Tricia McLaughlin, a Republican strategist who advised Vivek Ramaswamy during his 2024 campaign, highlighted Ms. Harris’s meandering answer to the debate’s first question, about whether voters were better off economically than four years ago, as one of her weakest moments.

But Ms. McLaughlin said Mr. Trump failed to capitalize on that and other openings. “He did not effectively prosecute the case,” she said. As for the chance for a redo, she presumed his advisers were thinking, “Why would we want to do a déjà vu debate?”

The stakes of whether or not to debate again are significant. Without another meeting, neither Ms. Harris nor Mr. Trump is likely to command anywhere near the 67.1 million Americans who tuned in live to Tuesday’s debate, according to Nielsen. The first Harris-Trump debate was the most watched event of the year after the Super Bowl.
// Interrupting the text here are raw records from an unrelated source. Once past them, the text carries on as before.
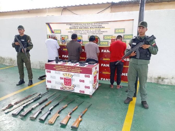 Militares venezolanos detuvieron a cuatro personas en el estado Zulia (noroeste, fronterizo con Colombia) por los presuntos delitos de resistencia a la autoridad y porte ilícito de armas, informó este lunes el comandante estratégico operacional de la Fuerza Armada Nacional Bolivariana (FANB), Domingo Hernández Lárez.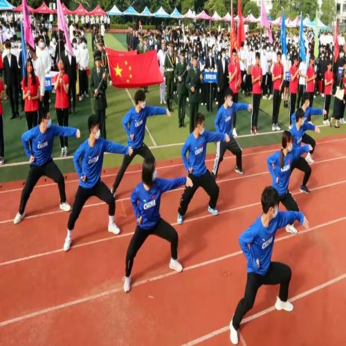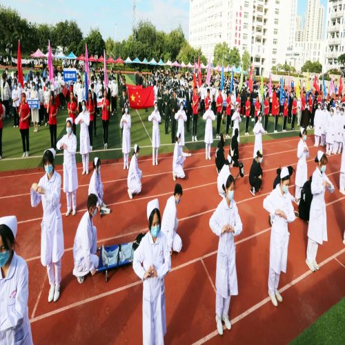 在开幕式上护理方阵以及体育方阵的同学结合自身专业特点,对表演内容进行创新,护理方阵的表演由医护人员赶跑新冠病毒情景剧与“谢谢你”手语表演组成,表达的对在新冠肺炎疫情中付出辛勤汗水的白衣天使的感谢。体育方阵的表演则是表演五步拳,借此提倡以“体”会友,强身健体的生活方式。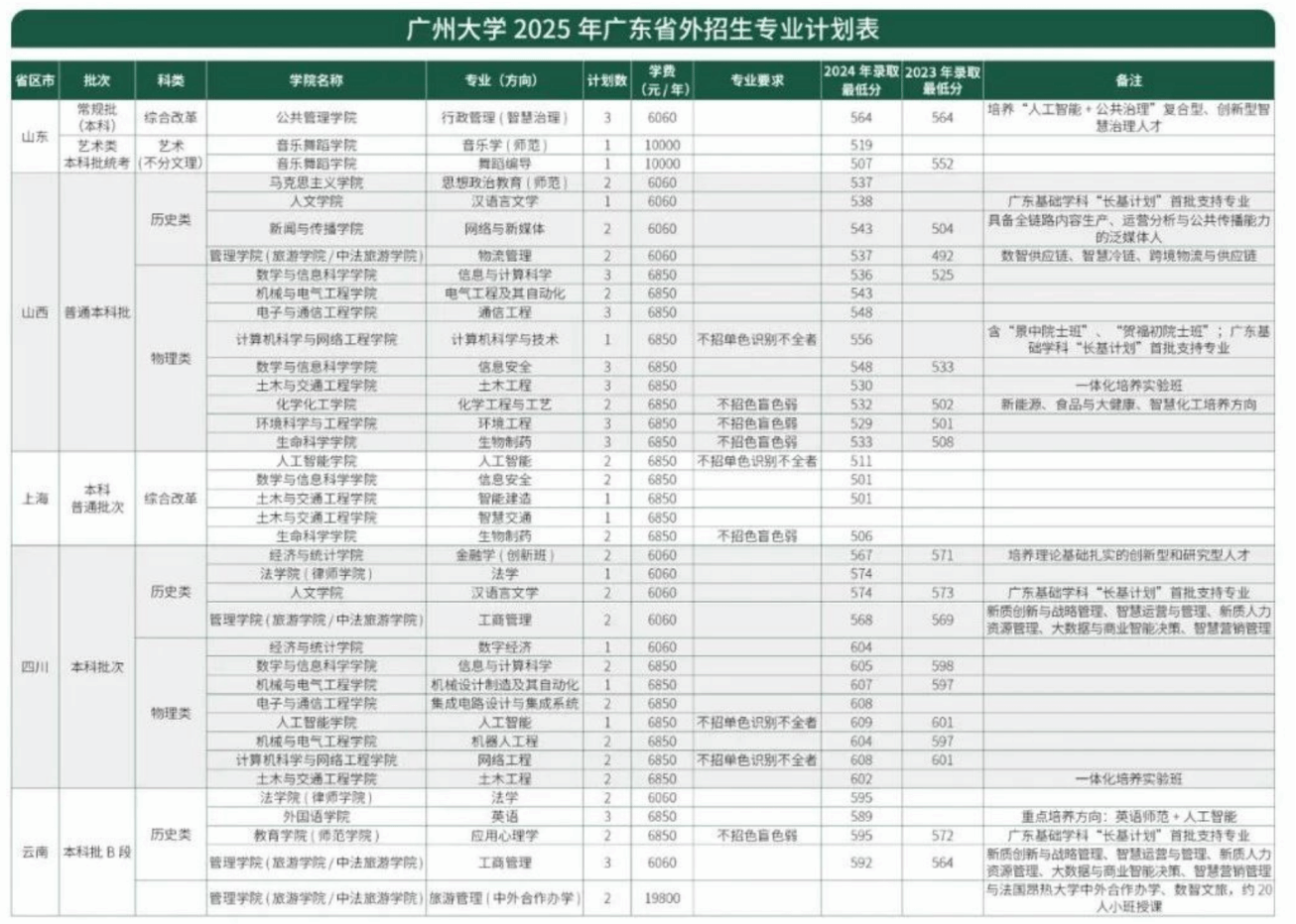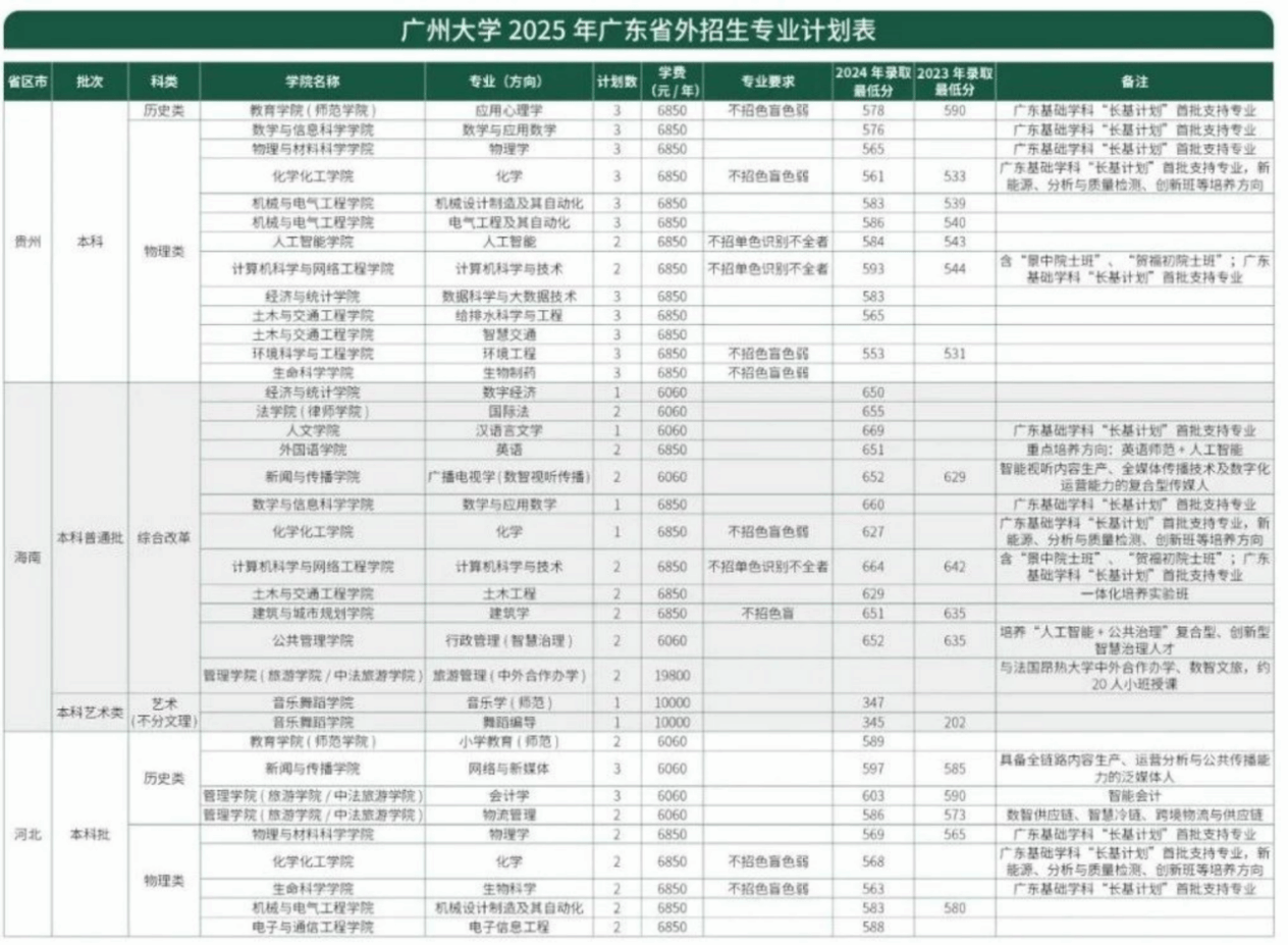 2025年广东本科体育、播音与主持、音乐、舞蹈、美术类招生计划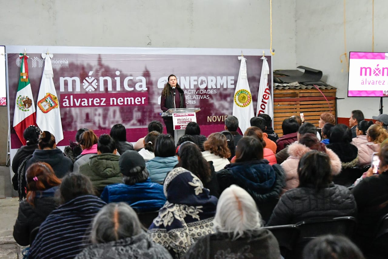 En el Estado de México y en Toluca es tiempo de las mujeres, sostuvo la diputada Mónica Angélica Álvarez Nemer (Morena) al rendir el tercero de sus informes con motivo de su 2º año legislativo, en el que destacó las iniciativas y proyectos que presentó para impulsar el desarrollo de la ciudad, fomentar la igualdad entre hombres y mujeres, y promover el bienestar de la sociedad.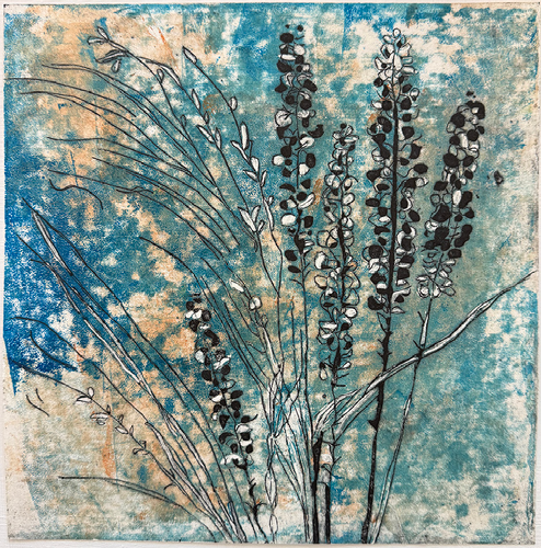 Above Print: Janis O'Driscoll: "Garden Twilight", drypoint with monotype mounted on wooden panel, 12" x 12"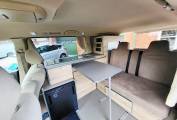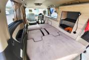 Rock and roll bed on floor rails can be adjusted to sit in different positions throughout the rear of the van. Gas hob and sink with under counter fridge are also provided.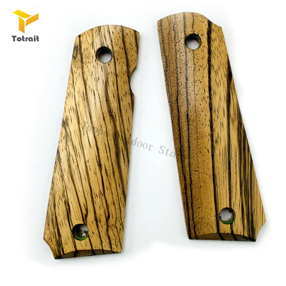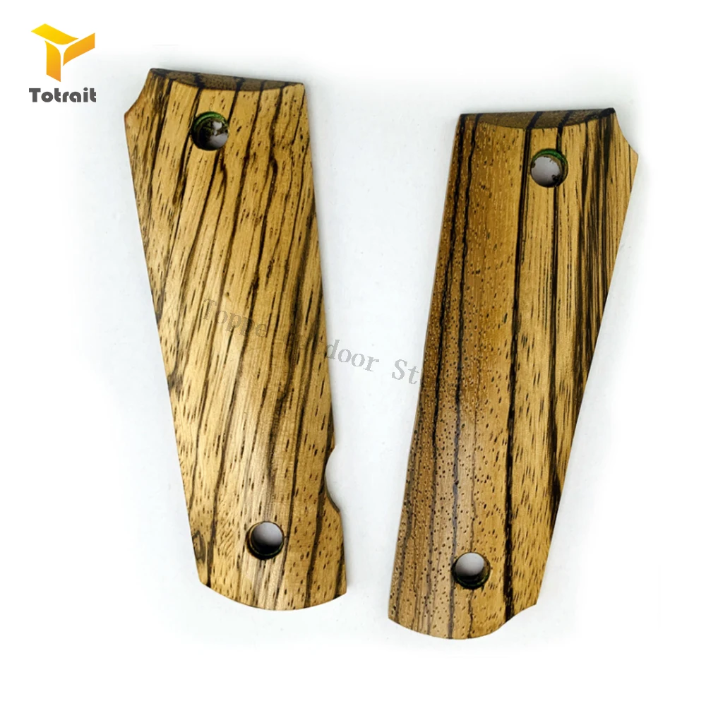 Best TOtrait 1 Pair 1911 Grips Natural zebra wood Handle Grips Patch Custom Grips CNC Handle Grips Full Size 1911 Accessories.

That means if there isn’t a second debate, no other singular moment is likely to shift the political conversation or galvanize supporters ahead of the election.

Mr. Trump does appear to be consuming the post-debate coverage. He posted on social media attacking the Fox News host Neil Cavuto, who interviewed Mr. Trump’s new supporter, Robert F. Kennedy Jr. Mr. Kennedy said in that interview that Ms. Harris had a better debate.

“People said that I was angry at the debate,” Mr. Trump said in Arizona. “Angry. I was angry.” He explained that “yes, I am angry,” but that his anger was because of what he described as the flood of migrants into the country.

In the days since the debate, Mr. Trump and his allies have also taken to attacking ABC News and its moderators, Linsey Davis and David Muir. He called Ms. Davis “nasty” — his familiar attack on women who challenge him — and mocked Mr. Muir’s hair.

The moderators fact-checked Mr. Trump multiple times, including on his wild and unverified claims that immigrants are eating pets in a town in Ohio.

For now, this most unusual election year is set to have both the earliest ever general election debate — the June one that drove President Biden from the race — and the earliest ever final debate.

Now, the debating finale is set to be a clash of running mates, with Senator JD Vance and Gov. Tim Walz scheduled to square off on Oct. 1 on CBS News.

Reid J. Epstein and Michael Gold contributed reporting.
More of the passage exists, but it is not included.